If there is too much bark on a log, it communicates this to a robot. This then pushes it off the conveyor belt so that it is not used for paper production, but is debarked again.

E.E: Tell us about the future improvement of your products?

WAHTARI: In addition to up to three integrated Intel Movidius Myriad X VPUs and a CPU based on the Intel x86_64 architecture, our nCam now also supports processors from NVIDIA. This offer even more performance and memory for the most demanding tasks.

nOS, the IoT-optimized operating system, is not only designed for addressing machine vision devices.
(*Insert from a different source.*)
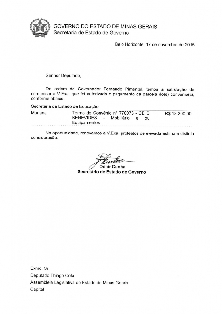 Thiago Cota viabiliza recursos para Escolas Estaduais de Mariana
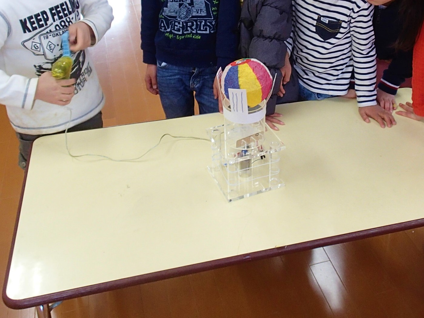 様子 1年生から6年生までの子ども達が参加してくれた。手回し発電を楽しんでくれていたり,水力発電に驚いていたりと全体として喜んでくれていた。

Rather, its ease of use, security features and remote maintenance capability provide an operating system base beyond the machine vision sector for other IoT applications as well.

The extensive Wahtari ecosystem is continuously expanding and will continue to provide compact and functional tools for smart vision ideas. The next projects are the Wahtari nCam mini and nSpect PCB, an automated solution for optical PCB inspection.

E.E: Is there a special project that your products were used in?

WAHTARI: With our all-in-one solutions we have successfully realized various projects, e.g. the analysis of cable surfaces in cable production, the detection of residual bark on tree trunks for the paper industry, the quality assurance of FFP2 masks in the course of the Corona crisis and the high-speed recognition of license plates in the context of traffic monitoring, and many more.